Fry was interested to see that a name had been offered up to police as a ‘possible’ right from the start. A youth called Lee Sherratt had been named by the parents and had been interviewed by officers in the initial sweep. He had denied being the young man seen talking to Laura, but his alibi was unsupported. Sherratt’s record had been pulled from the Police National Computer – a few petty crimes, some as a juvenile. It wasn’t much, but it was enough to leave his name at the top of the file until he could be eliminated.
According to the reports, a uniformed inspector from Operational Support was now in charge of the search on the ground. DI Paul Hitchens was CID investigating officer, reporting to Detective Chief Inspector Stewart Tailby. Officers had already called at every house in the village of Moorhay, since there weren’t all that many. Enquiries had been made with all known friends and relatives in the area. No sign of Laura Vernon, no leads to her possible whereabouts.
By now the painstaking inch-by-inch search of the surrounding countryside was well under way – off-duty officers had been called in, the search dog teams were out and the helicopter was in the air. Peak Park Rangers and Countryside Rangers were helping the search, and the Mountain Rescue Team was somewhere up on the tops of the moors above the village. And, of course, Detective Constable ‘Mr Perfect’ was also out at Moorhay in person. Case solved, then.

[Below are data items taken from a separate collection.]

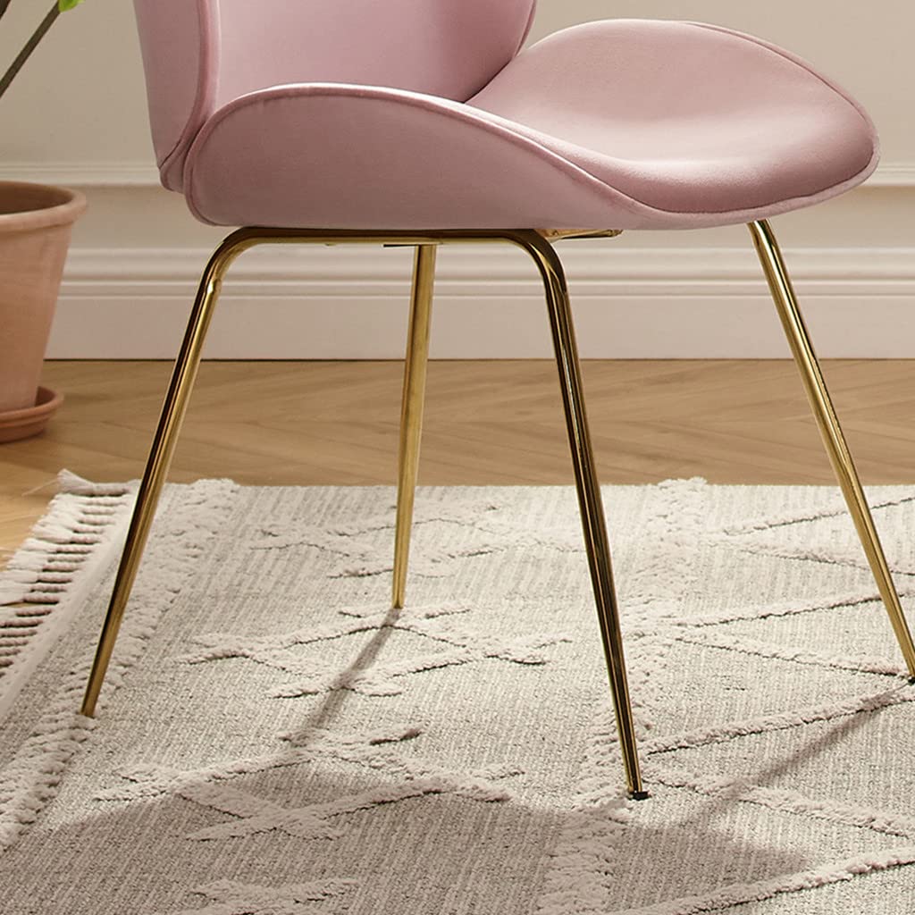 Enhance your dining experience and add a contemporary style to your space with this Set of Two Gold and Pink Velvet Shell Shape Dining Chairss. The pleasing visual color combines the pink velvet shell shape cushions and the golden metal legs, making it attractively inviting you to take a relaxing sit. The superb comfortable velvet cushions and armless shell shape were designed to make it perfect for any dining or other empty places in your home or office. It features soft foam padded cushions that are made to stay in shape to give you a comfortable seat that last-long. The golden metal legs are perfectly made to make the Chairs sturdy and durable. Set the touch of elegance and little glamour on your dining area or in any contemporary setting with this shell shape dining Chairs.
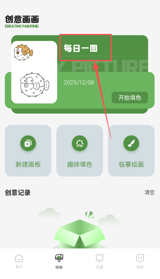 1、核心创作入口在首页:“每日一图”是限时挑战,“新建画板”是自由舞台,“临摹绘画”则适合练基本功。根据你的心情选择就好。
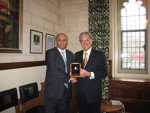 代表团团长黃宜弘议员向英国国会跨政党国会中国事务小组主席韩麦克议员(Mark Hendrick)致送纪念品。
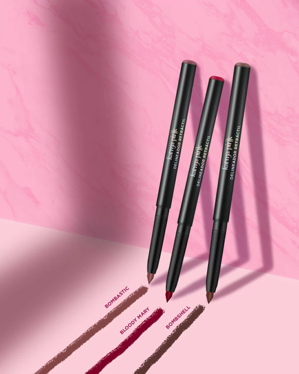 3 delineadores de labios, que abarcan una banda de tonos distintos y versátiles, para lograr labios más definidos, por más tiempo
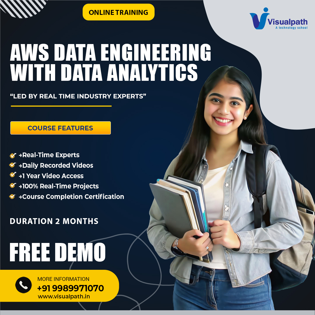 Visualpath provides the best AWS Data Engineering training globally. Learning Our AWS Data Engineer certification will help you understand AWS Data Engineer's components, such as Data Analysts, and Amazon DynamoDB. Enhances your career in data analytics, and Data Engineers. Book a Free Demo call at +91-9989971070.
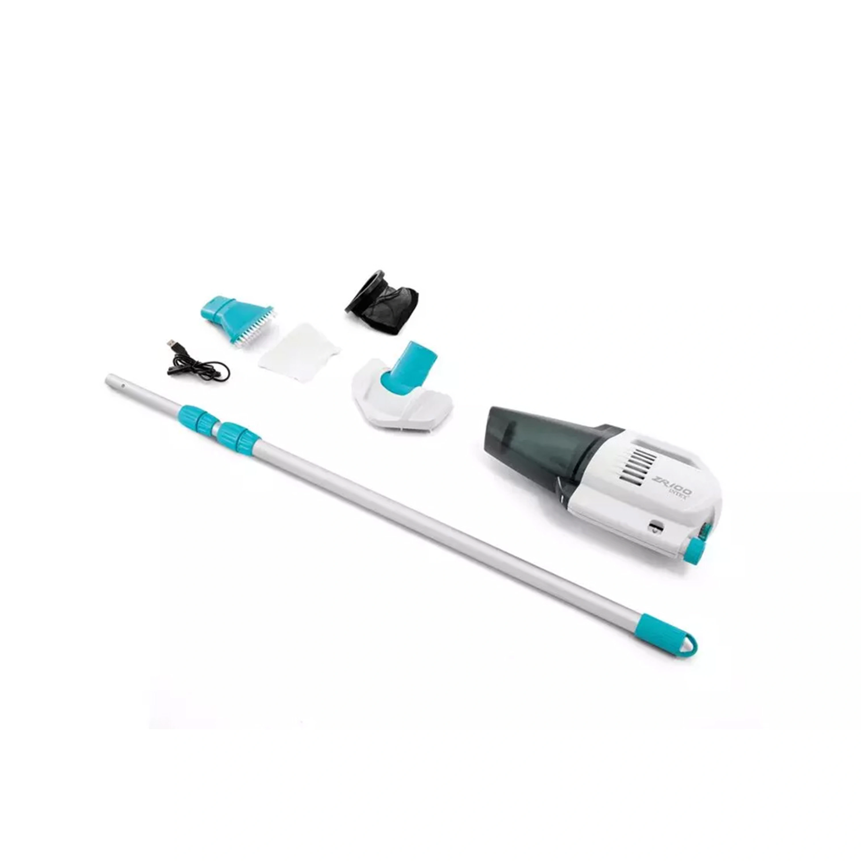 Nabíjecí bazénový vysavač Intex ZR100 lze díky dobíjecí baterii používat bezdrátově. Pokud není ve vodě, automaticky se vypne. Ve výbavě má dva čistící kartáče a jemný filtrační sáček pro důkladné čištění a zvláště jemné filtrování. S hliníkovou výsuvnou rukojetí až do délky 2,39 m se vám bude vysavač velmi snadno ovládat. Vysavač je vhodný pouze pro nadzemní bazény do průměru 5,49 metrů.
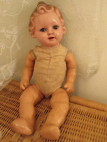 Het popje, met één been en losse oogjes, komt uit de collectie van Efka.
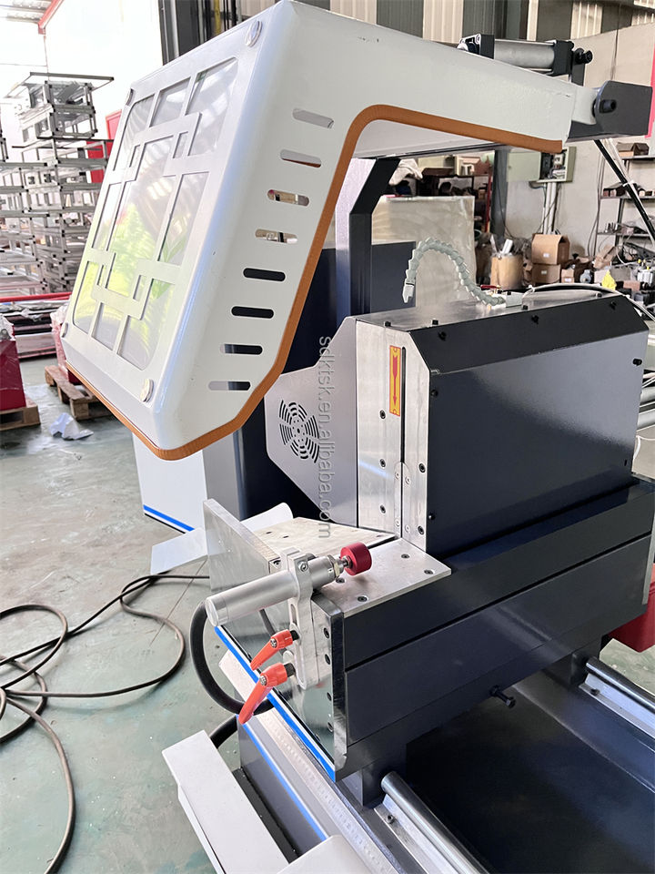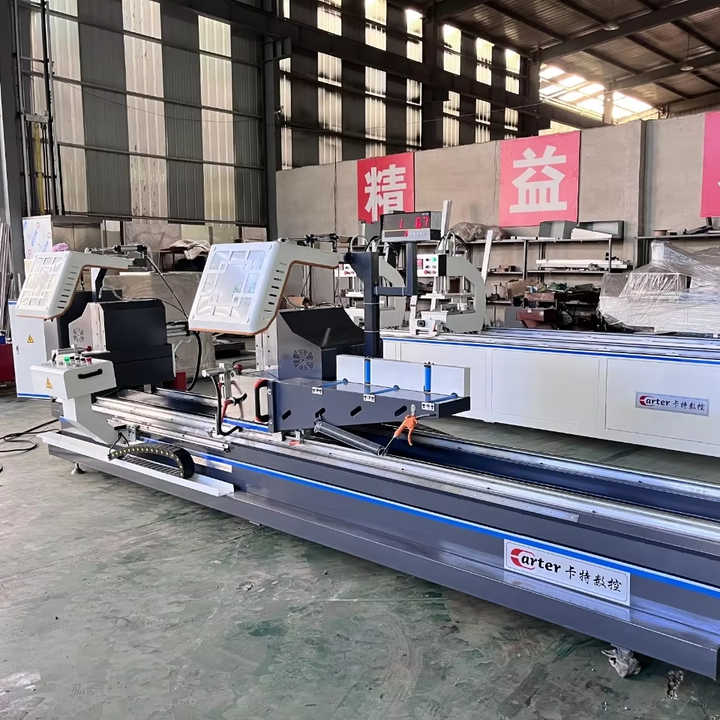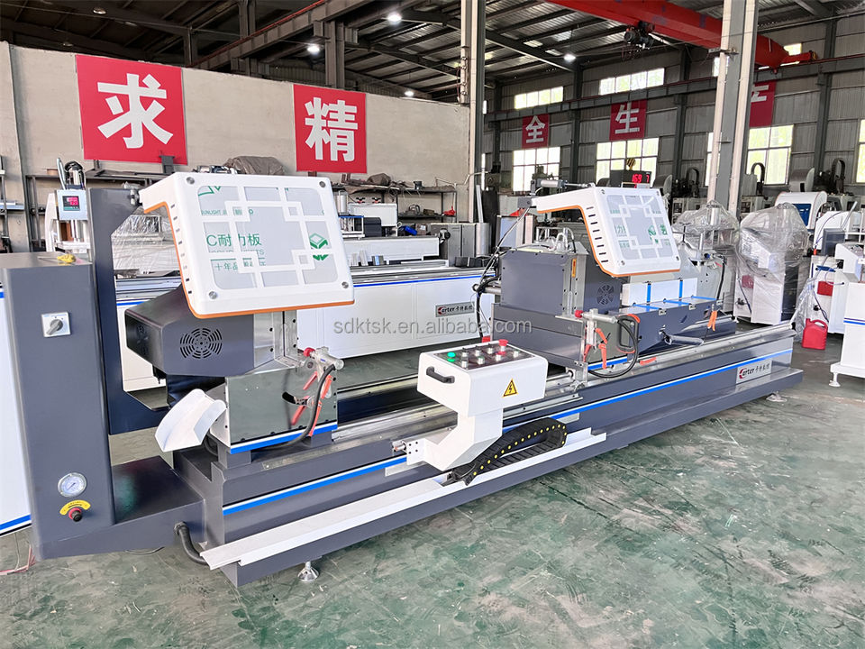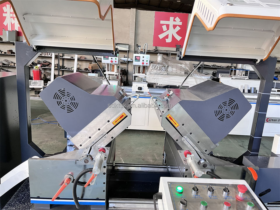 เลื่อยตัดมุมคาร์เตอร์ความแม่นยำสูง จอแสดงผลดิจิตอล 45 และ 90 องศา สำหรับโปรไฟล์ UPVC และอลูมิเนียม แบบสองหัว 380V สำหรับหน้าต่างและประตู

Fry had met DI Hitchens on her first day. He was her CID boss – after DS Rennie, anyway, and she had already decided Rennie didn’t really count. Hitchens was younger than the sergeant, and better educated. So an early promotion; maybe he was a fast-track graduate, like herself. He would certainly be destined for higher things, and his voice would be listened to by more senior officers. Fry ached to be out there, on a major enquiry, at the right hand of DI Hitchens, getting the chance to impress. She wasn’t intending to hang around looking at car crime statistics for long. A murder enquiry was just the thing. But it had come too soon, while she was still too new. Hence her presence in the office with Rennie.